- **Work order**
Each line of the listing must be transcribed exactly, except for the images, which should be excluded.

- **Given information**
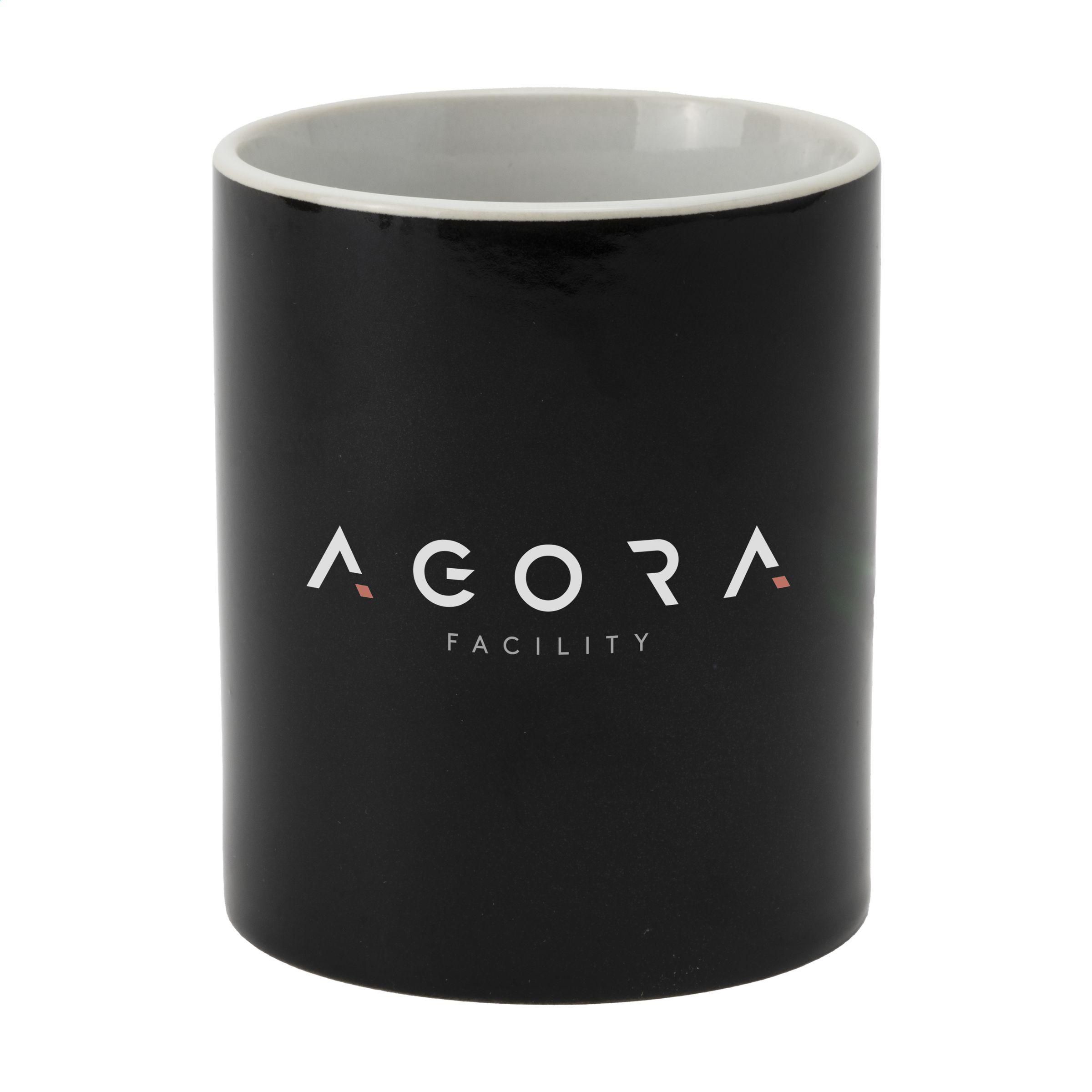 Becher aus hochwertiger Keramik. Komplett in weiß oder mit farbiger Außenseite. Spülmaschinengeeignet. Der Aufdruck ist spülmaschinengeprüft und nach EN 12875-2 zertifiziert. Fassungsvermögen 350 ml.
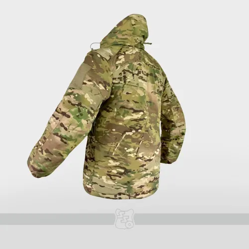Куртка DELTA разработана совместно с сотрудниками спецподразделений. Мы используем при производстве высокотехнологичные материалы, что придает изделию долговечность и удобство. Ткань верха 88% нейлон 12% спандекс гидрофильная мембрана 4-way stretch с паропроницаемостью и водяным столбом 15000мм. Утеплитель два слоя по 100 грамм Primaloft Silver. Нейлоновоя пуходержащая подкладка. Американские молнии IDEAL. Куртка прямого покроя, слегка занижена по задней половине и укорочена по передней. Куртка закрывается на защитную высокопрочную двухзамковую молнию с ветрозащитной двойной планкой с подгибом. Куртка имеет 9 карманов: Два в области груди на месте, позволяющим пользоваться ими при ношении бронежилета; Два кармана в районе запястья; Два кармана на рукавах; Один потайной карман под ветрозащитной планкой; Два внутренних кармана на эластичной нейлоновой сетке. По низу куртки имеются две утяжки для регулирования объема. Куртка имеет съемный анатомичный капюшон, утягивающийся в нескольких проекциях, а фурнитура для утяжки прячется в специальный карман. Капюшон имеет утеплитель 100 грамм и закрыт с внутренней стороны ветрозащитной нейлоновой пуходержащей подкладкой. Область воротника выполнена из специальной мягкой ткани Tricot Brush. Куртка имеет довольно развитую вентиляцию под рукавами на двухзамковой молнии, закрытой от продувания ветрозащитной планкой с двумя слоями утеплителя Primaloft Silver по 60 грамм. Куртка имеет ветрозащитную юбку с нескользящим латексным покрытием, чтобы она не задиралась при активном использовании и специальные карманы, куда можно спрятать хвосты, если вы не планируете ее использовать. С обратной стороны юбки имеются итальянские кнопки PRYM, чтобы закреплять юбку на зимние брюки DELTA для большей защиты от продувания. Плечи и локти куртки усилены тканью CORDURA 500 den для надежной защиты от протирания при ношении бронежилета и переползаниях на локтях. На рукавах пришито велкрополотно с обеих сторон для размещения шевронов.
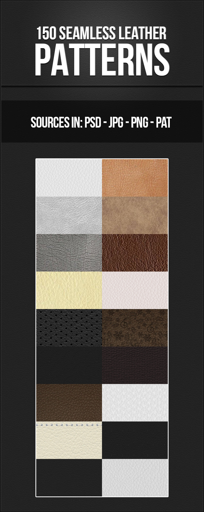 A huge pack of 150 seamless leather patterns that come in PSD, JPG, PNG and PAT formats. Among the many styles of leathers, you’ll find several texture rugosities, designs, adorns, and colors suitable for a wide range of projects.
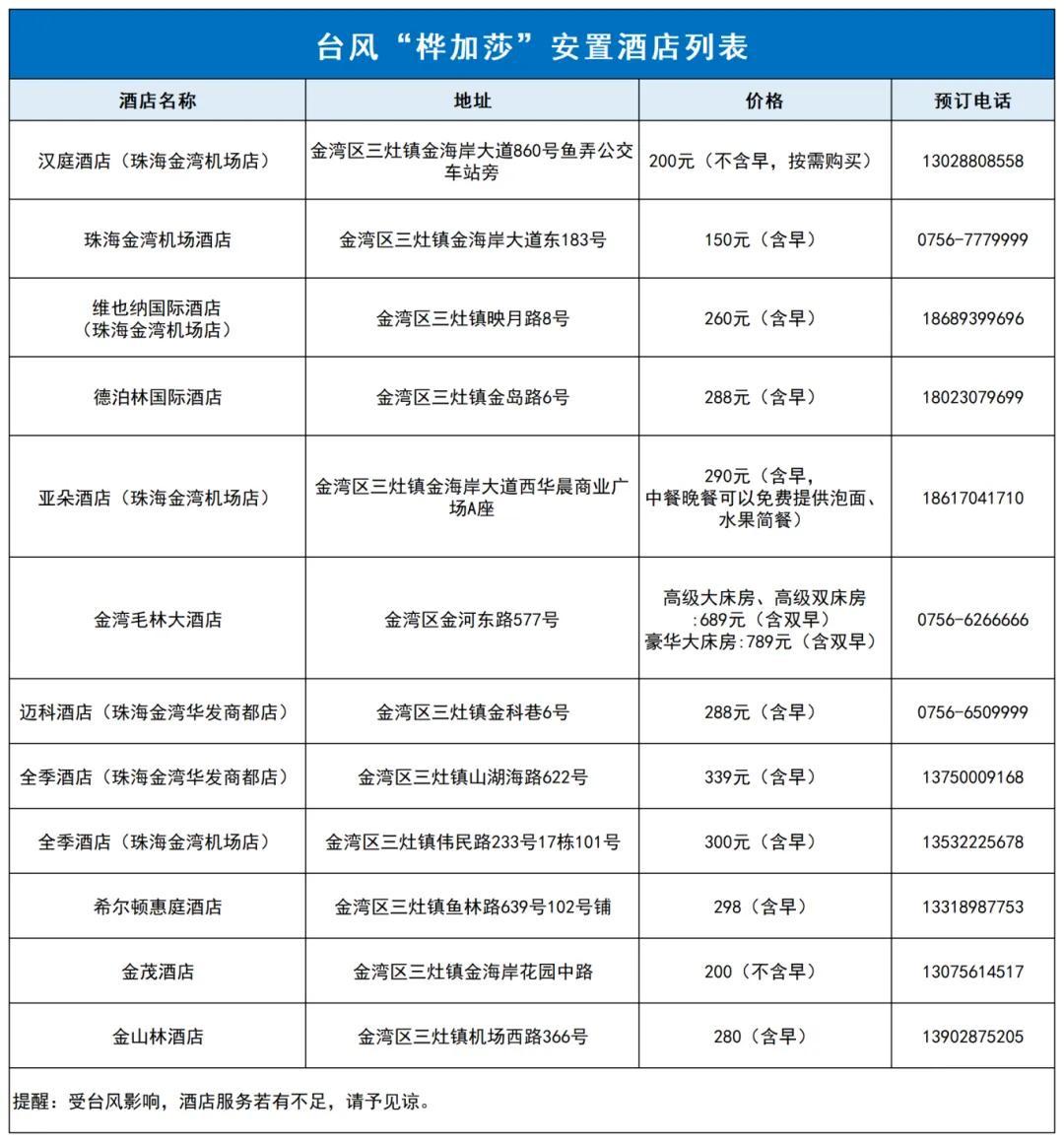 - 目前,金灣區已經協調區內部分酒店,按照臺風期間的優惠價格服務市民羣衆。

- **Your response**
 Becher aus hochwertiger Keramik. Komplett in weiß oder mit farbiger Außenseite. Spülmaschinengeeignet. Der Aufdruck ist spülmaschinengeprüft und nach EN 12875-2 zertifiziert. Fassungsvermögen 350 ml.
Куртка DELTA разработана совместно с сотрудниками спецподразделений. Мы используем при производстве высокотехнологичные материалы, что придает изделию долговечность и удобство. Ткань верха 88% нейлон 12% спандекс гидрофильная мембрана 4-way stretch с паропроницаемостью и водяным столбом 15000мм. Утеплитель два слоя по 100 грамм Primaloft Silver. Нейлоновоя пуходержащая подкладка. Американские молнии IDEAL. Куртка прямого покроя, слегка занижена по задней половине и укорочена по передней. Куртка закрывается на защитную высокопрочную двухзамковую молнию с ветрозащитной двойной планкой с подгибом. Куртка имеет 9 карманов: Два в области груди на месте, позволяющим пользоваться ими при ношении бронежилета; Два кармана в районе запястья; Два кармана на рукавах; Один потайной карман под ветрозащитной планкой; Два внутренних кармана на эластичной нейлоновой сетке. По низу куртки имеются две утяжки для регулирования объема. Куртка имеет съемный анатомичный капюшон, утягивающийся в нескольких проекциях, а фурнитура для утяжки прячется в специальный карман. Капюшон имеет утеплитель 100 грамм и закрыт с внутренней стороны ветрозащитной нейлоновой пуходержащей подкладкой. Область воротника выполнена из специальной мягкой ткани Tricot Brush. Куртка имеет довольно развитую вентиляцию под рукавами на двухзамковой молнии, закрытой от продувания ветрозащитной планкой с двумя слоями утеплителя Primaloft Silver по 60 грамм. Куртка имеет ветрозащитную юбку с нескользящим латексным покрытием, чтобы она не задиралась при активном использовании и специальные карманы, куда можно спрятать хвосты, если вы не планируете ее использовать. С обратной стороны юбки имеются итальянские кнопки PRYM, чтобы закреплять юбку на зимние брюки DELTA для большей защиты от продувания. Плечи и локти куртки усилены тканью CORDURA 500 den для надежной защиты от протирания при ношении бронежилета и переползаниях на локтях. На рукавах пришито велкрополотно с обеих сторон для размещения шевронов.
 A huge pack of 150 seamless leather patterns that come in PSD, JPG, PNG and PAT formats. Among the many styles of leathers, you’ll find several texture rugosities, designs, adorns, and colors suitable for a wide range of projects.
 - 目前,金灣區已經協調區內部分酒店,按照臺風期間的優惠價格服務市民羣衆。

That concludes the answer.